Competition Commission of India
Competition Act, 2002
- The Competition Act, 2002, as amended by the Competition (Amendment) Act, 2007, prohibits anti-competitive agreements, abuse of dominant position by enterprises and regulates combinations (acquisition, acquiring of control and Mergers and acquisitions), which causes or likely to cause an appreciable adverse effect on competition within India.
- The objectives of the Act are sought to be achieved through the Competition Commission of India, which has been established by the Central Government in 2003.
- The Competition Commission of India (CCI) is a statutory body established under the Competition Act, 2002 for the administration, implementation and enforcement of the Act.
- CCI consists of a Chairperson and 6 Members appointed by the Central Government.
- The following are the objectives of the Commission.

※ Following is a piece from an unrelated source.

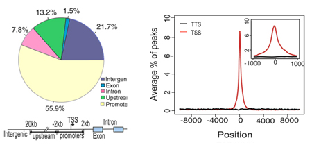 By mapping the binding sites in relation to Refseq genes, we can provide the annotation and distribution of TF binding sites across five different categories of genomic elements including the promoter, exon, intron, upstream and intergenic regions. TF binding profiles around TSS (Transcription Start Sites) are also provided.

- To prevent practices having adverse effects on competition
- To promote and sustain competition in markets
- To protect the interests of consumers and
- To ensure freedom of trade.
- The Commission is also required to give opinion on competition issues on a reference received from a statutory authority established under any law and to undertake competition advocacy, create public awareness and impart training on competition issues.

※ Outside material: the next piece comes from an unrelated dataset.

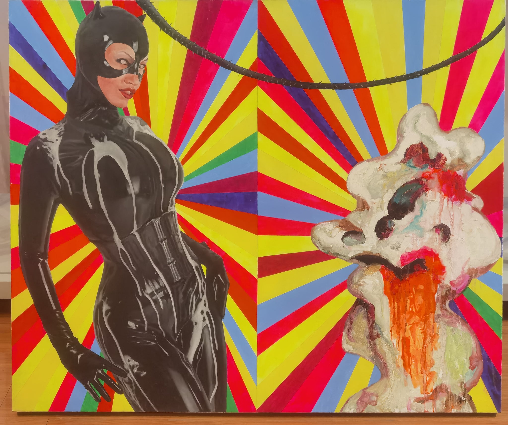 Zhan Yang’s Catwoman/Spring Bud Look at the Movie (2016) juxtaposes pop culture and abstraction in a dynamic composition divided into two halves. On the left, a hyper-stylized rendition of Catwoman—draped in glossy black latex—strikes a confident pose. On the right, a grotesque, organic form evocative of a melting rock or mutated coral confronts her. Both figures are framed by vibrant radial bursts of neon color, intensifying the surreal contrast between comic-book seduction and biomorphic distortion. The black rope traversing the top edge unites the composition into a tense theatrical tableau.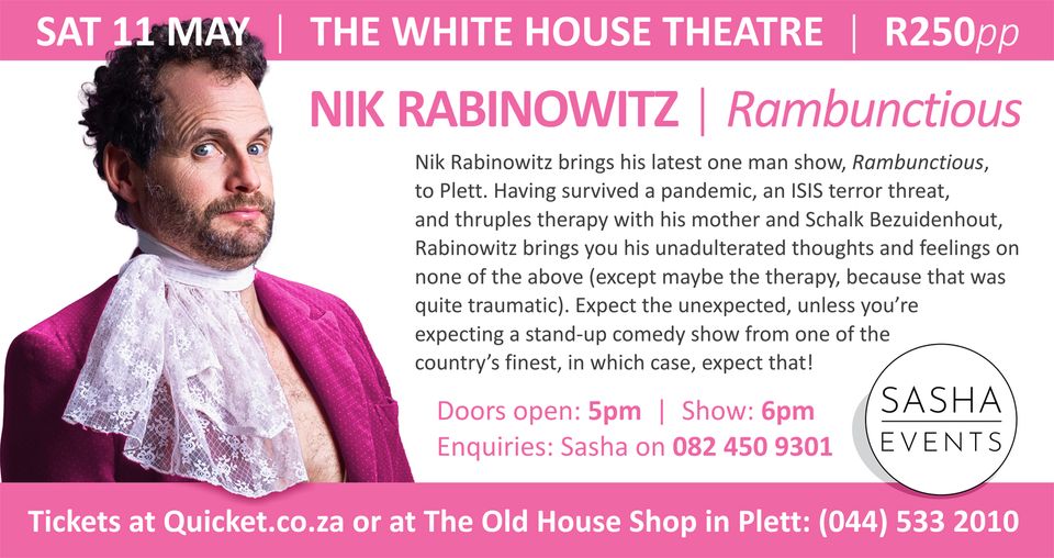 After sensational sold-out Joburg and Cape Town runs, stand-up comic Nik Rabinowitz brings his latest one man show, Rambunctious, to Plett

- Appeals of CCI lie with the National Company Law Appellate Tribunal.
Why in News?
- The National Company Law Appellate Tribunal (NCLAT) has rejected an appeal by the U.S. e-commerce giant Amazon against a ₹200-crore penalty imposed by the Competition Commission of India.
- NCLAT was constituted under the Companies Act, 2013 for hearing appeals against the orders passed by the National Company Law Tribunal under the Insolvency and Bankruptcy Code, 2016 (IBC).
- It also heard appeals against the orders passed by the Insolvency and Bankruptcy Board of India (under IBC) and the Competition Commission of India.
- NCLAT is also the Appellate Tribunal to hear and dispose of appeals against the orders of the National Financial Reporting Authority.
- NCLAT decisions can be challenged in the Supreme Court on a point of law.